Chinese cyber operators — whether criminal or governmental is unclear — are prospecting Indian government and university sites. Malicious Word documents are a common vector.
The "Blue Termite" APT group resurfaces in Japan, this time with command-and-control servers located in the target country itself.
US-CERT warns that distributed reflective denial-of-service attacks are spiking, and are exploiting UDP servers for amplification.
A Symantec researcher points out what too few of us seem to have noticed: the number of people affected by the OPM breach is far higher than generally appreciated. Up to 275 million may have been touched by the incident.

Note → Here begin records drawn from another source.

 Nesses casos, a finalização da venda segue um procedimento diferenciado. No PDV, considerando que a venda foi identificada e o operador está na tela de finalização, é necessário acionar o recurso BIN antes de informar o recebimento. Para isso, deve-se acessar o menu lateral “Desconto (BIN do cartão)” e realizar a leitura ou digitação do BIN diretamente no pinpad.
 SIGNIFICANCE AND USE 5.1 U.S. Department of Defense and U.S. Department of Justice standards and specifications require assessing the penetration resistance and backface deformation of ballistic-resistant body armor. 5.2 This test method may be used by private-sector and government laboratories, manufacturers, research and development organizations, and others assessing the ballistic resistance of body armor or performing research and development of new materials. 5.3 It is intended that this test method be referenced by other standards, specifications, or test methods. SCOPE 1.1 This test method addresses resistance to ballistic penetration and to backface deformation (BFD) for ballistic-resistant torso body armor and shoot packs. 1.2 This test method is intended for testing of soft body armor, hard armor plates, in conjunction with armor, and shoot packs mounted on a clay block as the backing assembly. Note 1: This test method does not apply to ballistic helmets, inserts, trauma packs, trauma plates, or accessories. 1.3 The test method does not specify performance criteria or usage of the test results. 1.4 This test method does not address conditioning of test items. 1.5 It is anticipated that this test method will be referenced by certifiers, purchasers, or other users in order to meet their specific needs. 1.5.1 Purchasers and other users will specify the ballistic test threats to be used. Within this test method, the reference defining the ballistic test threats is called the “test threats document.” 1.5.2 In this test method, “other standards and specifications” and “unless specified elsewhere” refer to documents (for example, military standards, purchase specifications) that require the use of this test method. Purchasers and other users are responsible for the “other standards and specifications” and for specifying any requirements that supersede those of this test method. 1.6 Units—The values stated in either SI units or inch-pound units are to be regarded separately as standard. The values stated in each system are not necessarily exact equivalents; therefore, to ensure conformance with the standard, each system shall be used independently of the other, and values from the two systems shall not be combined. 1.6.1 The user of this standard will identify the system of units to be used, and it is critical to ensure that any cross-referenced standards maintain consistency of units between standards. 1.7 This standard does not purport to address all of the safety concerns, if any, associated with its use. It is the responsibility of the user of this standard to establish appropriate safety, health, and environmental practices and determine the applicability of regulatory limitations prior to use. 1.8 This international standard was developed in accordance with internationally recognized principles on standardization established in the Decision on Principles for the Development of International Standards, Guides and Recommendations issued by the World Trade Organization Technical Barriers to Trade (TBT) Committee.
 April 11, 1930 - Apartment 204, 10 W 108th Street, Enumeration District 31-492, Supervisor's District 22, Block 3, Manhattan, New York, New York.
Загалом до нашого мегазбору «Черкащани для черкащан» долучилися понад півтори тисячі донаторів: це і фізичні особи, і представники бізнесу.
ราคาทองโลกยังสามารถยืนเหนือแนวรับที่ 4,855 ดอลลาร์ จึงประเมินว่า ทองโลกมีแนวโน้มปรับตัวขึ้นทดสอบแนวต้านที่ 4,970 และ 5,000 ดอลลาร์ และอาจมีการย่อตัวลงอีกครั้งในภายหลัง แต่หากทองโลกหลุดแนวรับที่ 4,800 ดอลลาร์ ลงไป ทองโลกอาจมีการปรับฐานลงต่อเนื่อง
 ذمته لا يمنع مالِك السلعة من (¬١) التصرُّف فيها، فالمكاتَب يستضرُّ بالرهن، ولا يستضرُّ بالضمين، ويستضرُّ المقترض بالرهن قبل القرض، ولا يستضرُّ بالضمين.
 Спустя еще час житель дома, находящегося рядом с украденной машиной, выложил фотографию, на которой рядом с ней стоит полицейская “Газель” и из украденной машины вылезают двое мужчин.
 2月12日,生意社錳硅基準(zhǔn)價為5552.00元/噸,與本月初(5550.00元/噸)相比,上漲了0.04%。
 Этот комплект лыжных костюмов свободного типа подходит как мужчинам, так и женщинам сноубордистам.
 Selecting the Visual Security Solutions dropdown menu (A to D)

A second, bigger tranche of Ashley Madison files is dumped onto the Internet. The "Impact Team" includes emails from Avid Media's CEO to show their data are the real McCoy. The "ripple effect" of the breach, especially from files associated with US dot-gov and dot-mil domains, will produce more than embarrassment, Passcode argues. And TechWeek Europe seconds that with a reading from "the prophet John McAfee." If you're thinking you'd like to see if your data appear in the dump, think twice: there are malicious waterholing sites promising falsely to set your mind at ease.
Public and private information-sharing platforms are discussed.